Salfit

Salfit
Other transcription(s)
 • Arabic سلفيت
 • Also spelled Salfeet (official)
Salfeet (2010)
Salfit
Location of Salfit within the Palestinian territories
Coordinates:
Governorate Salfit
Government
 • Type Municipality
 • Head of Municipality Tahseen Slimi
Area
 • Jurisdiction 4,000 dunams (4.0 km2 / 1.5 sq mi)
Population (2007)
 • Jurisdiction 8,796
Website www.salfeet.org

Salfit also spelled Salfeet (Arabic: سلفيت‎) is a Palestinian town in the central West Bank. Salfit is located at an altitude of 570 meters (1,870 ft) in the central Samarian highlands adjacent to the Israeli settlement of Ariel. According to the Palestinian Central Bureau of Statistics, the City had a population of 8,796 in 2007.[1] Salfit was given municipality status In 1955.[2] It has been administered by the Palestinian Authority since the 1995 Interim Agreement on the West Bank and the Gaza Strip and has served as the district capital of the Salfit Governorate since then.[3]

Contents

Etymology

The word "Salfit" is a Canaanite word which means "basket of grapes" (Sal meaning "basket and fit meaning "grapes".)[2] The historic city of Salfit has many monuments that link the modern town to a Canaanite, Israelite, Samaritan, Roman and Islamic heritage.

Economy

Salfit is a major administrative and commercial center for the dozens of villages surrounding it. However, the route for Palestinians from Salfit's northern dependencies has been sealed off by the Israel Defense Forces because of a bypass road for the settlement of Ariel crossing the main road.[4] There are several governmental offices and institutions in the city. The educational of the Salfit's children is carried out in four modern schools for male and female in addition to Al-Quds Open University.[5] Salfit is also a well-known area in the field of stone cutting and marble.[2] An industrial zone was established on 200 dunums of land at the east end of Salfit.[2]

The Salfit Governorate is the largest olive oil producer in the Palestinian territories, producing 1,500 tons annually.[6] Zaytoun, the Palestinian Olive Tree Association, is active with Palestinian Agricultural Relief Committees (PARC) in Salfit to improve the quality and sales of Palestinian Olive oil.[7] Salfit is located just across a valley to the south of the Israeli settlement of Ariel and around 1/3 the population of Ariel, about midway between Nablus and Ramallah.

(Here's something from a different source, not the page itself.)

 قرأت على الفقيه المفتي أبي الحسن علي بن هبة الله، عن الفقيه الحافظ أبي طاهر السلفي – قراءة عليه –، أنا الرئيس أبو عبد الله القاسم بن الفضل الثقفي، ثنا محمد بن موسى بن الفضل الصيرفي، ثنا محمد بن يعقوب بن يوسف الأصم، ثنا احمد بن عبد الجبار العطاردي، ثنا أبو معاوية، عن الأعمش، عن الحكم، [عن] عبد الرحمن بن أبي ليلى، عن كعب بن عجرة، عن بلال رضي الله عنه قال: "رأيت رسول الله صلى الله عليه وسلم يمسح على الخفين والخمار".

On 30 May 2008 the US Consulate General in Jerusalem presented 700 books and 100 magazines for a new library at the Community-Based Learning Center in Salfit and the ceremony was attended by the PA Ministry of Youth and Sports official, Hussein Azzam, Deputy Governor of Salfit, Nawaf Souf.[8] The Community Center is located on al-Madares Street in Salfit and was established by Relief International Schools Online (RISOL) in 2007

The Salfit Hospital was completed in 2006. While the Salfit Governorate is not the most heavily populated of the West Bank, with an estimated population at about 80,000, Salfit was isolated from the other Palestinian medical facilities, the closest Government Hospitals were in Nablus, Tulkarem and Ramallah at more than one-hour drive away.[9]

Water treatment plant

There are a large number of water springs in and around the city but they unable to cope with the growing demand of the city. For the past nine years, the municipality has been trying to build a waste-water treatment plant to service the residents of Salfit town.[10] In July 2007 the House of Water and Environment (HWE) of Ramallah produced a report the “Assessment of the Impact of Pollution Sources on the Water Environment and the Lives of the Residents in the Northern West Bank, Palestine”.[11]

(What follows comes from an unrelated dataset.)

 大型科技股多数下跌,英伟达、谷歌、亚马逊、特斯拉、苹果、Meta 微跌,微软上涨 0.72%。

The plant was supposed to be built on Salfit Governorate land 13 kilometers (8.1 mi) from the town of Salfit. The municipality received a grant of 22 million euros from the German government to build the plant and a mainline pipe to the town but the Israeli Defense Forces (IDF) stopped the construction of the building and seized all the equipment because it allegedly would interfere with Israel's nearby Jewish settlements.[12] The equipment was returned only 18 months later. As a result, the town had to take out a loan to buy a new piece of land eight kilometers closer to its outskirts and another loan of 2 million euros to move the pipes and the electricity cables. Although Israel approved the new site of the plant, the planned West Bank Barrier will now separate Salfit from the sewage plant.[12]

In May 2006 international human rights organizations were called to witness sewage of Ariel settlement running into the agriculture valleys north of the city and damaging the surrounding agriculture and environment.[13]